Now that would have been a fascinating subject to explore in greater depth within the context that Gamedec allows. Unfortunately, as it is, Gamedec vaguely touches on such themes, but doesn’t allow them to get in the way of the more immediate detective story and the standard anger towards capitalism that you’d expect from cyberpunk. It works, and is genuinely well written, but isn’t quite the thought-heavy Blade Runner 2049, either.

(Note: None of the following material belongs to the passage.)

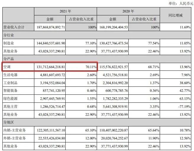 (格力2021年营业收入与构成)
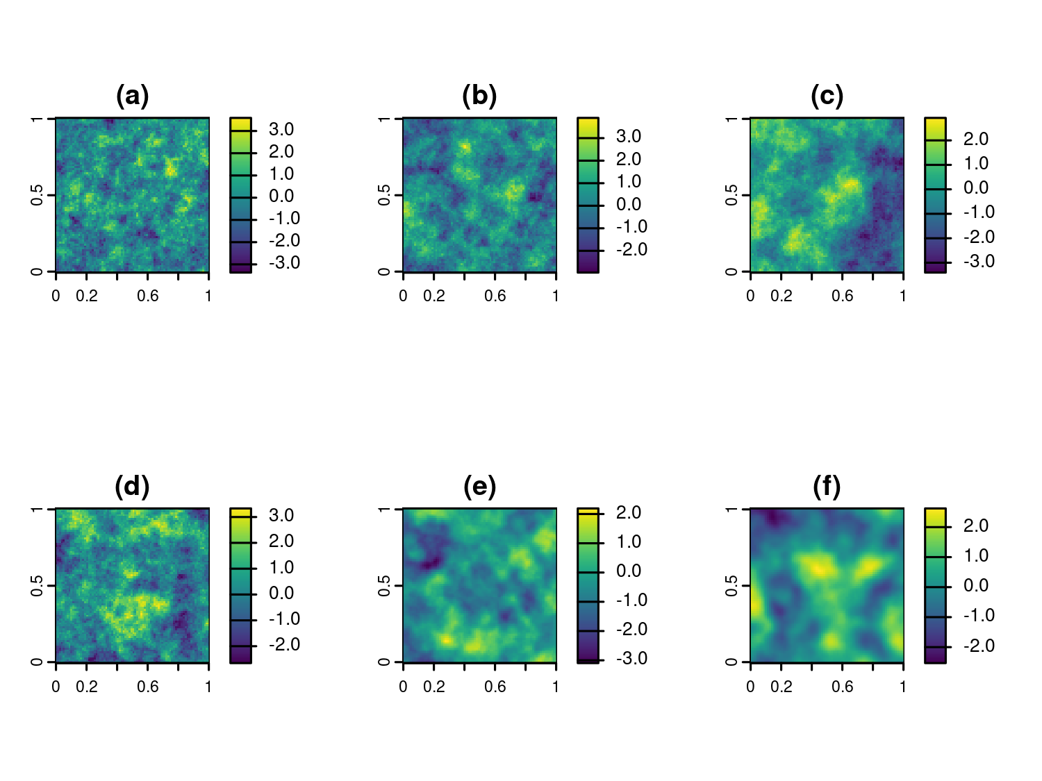 In Figure 1.7, we show three realizations from these correlation functions. We notice that smaller values of \(\kappa\) (e.g., \(\kappa = 0.5\)) produce rougher and less regular spatial patterns, whereas larger values (e.g., \(\kappa = 2.5\)) result in smoother and more continuous surfaces. These visual differences reflect the varying degrees of differentiability of the Gaussian process, which mathematically determines its local behavior and hence its smoothness.

I would also be remiss if I didn’t mention some minor technical issues. On the Switch, Gamedec worlds take quite some time to load, and very rarely I encountered an issue where my character would just stop responding to my input commands at all for a short period of time, before eventually working again. This doesn’t stop you from making progress and enjoying the game. It’s just a bit of a momentum breaker and these issues often cut in at the critical moments.
Gamedec isn’t quite a masterpiece, but it’s a clever and noble attempt to do a non-combat RPG. The cyberpunk and noir themes will never get old, and the complex decision trees invite multiple play-throughs and approaches to the mystery. It’s certainly a game that shouldn’t be overlooked.
Love the optimism that such a virtual world is going to exist irl but we’re not going to exist for that long 😅. I don’t think the concept of galedec is silly at all though. I’ll be looking for this game somewhere in the future.
With all the Metaverse stuff, we’re not that all far away from having virtual worlds that we can live within. That said we’ll be lucky to see out the decade with the trajectory that the planet is heading so I imagine you’re right :-).